Foundations of IT Designing a Computer Architecture

Designing a Computer Architecture Current processors make use of a fast accessed cache memory that keeps data that are used somuch. The cache memory is little and, because it is quicker than the main memory, there is an apparent performance development (Von amp. Kurzweil, 2012). To perk up performance more, the processor core can posses a separate cache for data along with another for instructions. For instance, the Intel Pentium Processor N3500-series has a 32 KB L1 instructor cache as well as a 24 KB L1 data cache. Both are set up on the processor die.
For my Ideal computer, I would have the following specifications
1. A CPU of Intel 4th gen core i5-4200M (2.5GHz, 3M cache)
2. A system RAM of 4GB and above
3. A hard drive of 320 GB Hard Drive at 7200 RPMs or an SSD/Hybrid
4. Removable storage 8X (DVD+/-RW) Drive
5. Monitor 1366×768 Min. Resolution
6. Video card Intel, NVIDIA Graphics or AMD, 1GB GDDR5 RAM
I would like my ideal computer to help me in research related to scientific computing. This will help me to develop and evaluate computer algorithms intended for simulating mathematical models of scientific trends. This area entails core problems in continuous algorithms like fast methods for handling linear algebra as well as solving differential equations. I will also build software for simulating challenging physical problems like turbulence in fluids along with crack propagation in solid materials. The computer will help me build accurate methods for discretizing continuous models even as it preserves physical invariants. In addition, I will carry out optimal estimation in the face of limited information.
At the moment, computers are based on the von Neumann architecture. Nonetheless, the von Neumann architecture has its limitations. In order to access the data and program in the memory, the central processing unit (CPU) had one bus. This is called the von Neumann bottleneck, due to the limited data transfer rate between memory and CPU. With just one bus, the data and instructions are accessed in sequence, so the CPU waits until the data loads from memory prior to executing the instruction. With the increase of CPU speed, it was evident that a solution is needed to defeat the bottleneck (Von Neumann Architecture, n.d.).
These problems are connected to the von Neumann architecture. In order to overcome the von Neumann bottleneck, the stack memory is used. The stack is a particular memory region that is competently managed by the CPU. It is used to store up variables employed by functions. As a program calls a function, the function variables are pushed onto the stack. The access of variables is faster on the stack than when they were in the main memory, amounting to better performance.
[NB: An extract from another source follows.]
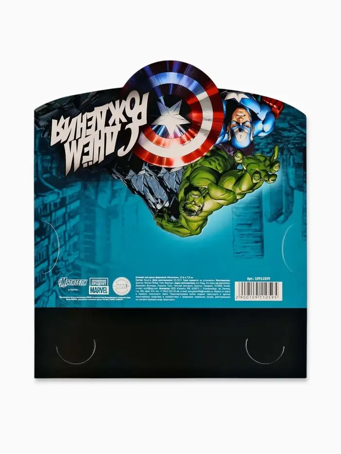 Конверт для денег формовой «Супергерои», 17.5 × 8 см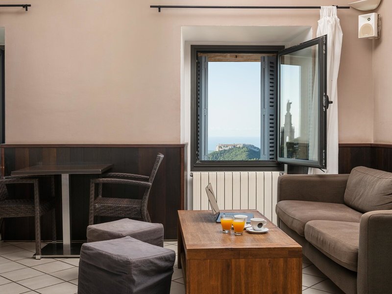- Apartmán (APX1), viaclôžková, nefajčiarska izba, v hlavnej budove, horská strana, výhľad na more, výhľad na hory, cca 55 m², celkový počet izieb v tomto type izby: 2, rozloženie: pozostáva z 2 dvojposteľové izby so spojovacími dverami, 4 samostatné postele, 1 rozkladacia pohovka, kúrenie , Podlaha: dlažba, posedenie, pohovka, písací stôl, chladnička, mikrovlnná rúra, kávovar, jedálenský stôl, Internet: WLAN/WiFi, TV, sprcha, vlasy sušička, balkón

Standing on the doorstep of the fifth generation, we obviously expect a lot from future computers than more speed. Computers have come this far in terms of enhancements to the current architectures and their accomplishment. The use of cheaper, smaller, and faster components is joined with better and superior parallelism. The hardest task associated with adopting new architectures is that it is difficult to think about them utilizing the von Neumann leaning minds.
The Von Neumann Architecture. (n.d.). Retrieved from
Von,nbsp.N.nbsp.J., amp. Kurzweil,nbsp.R. (2012). The computer amp. the brain.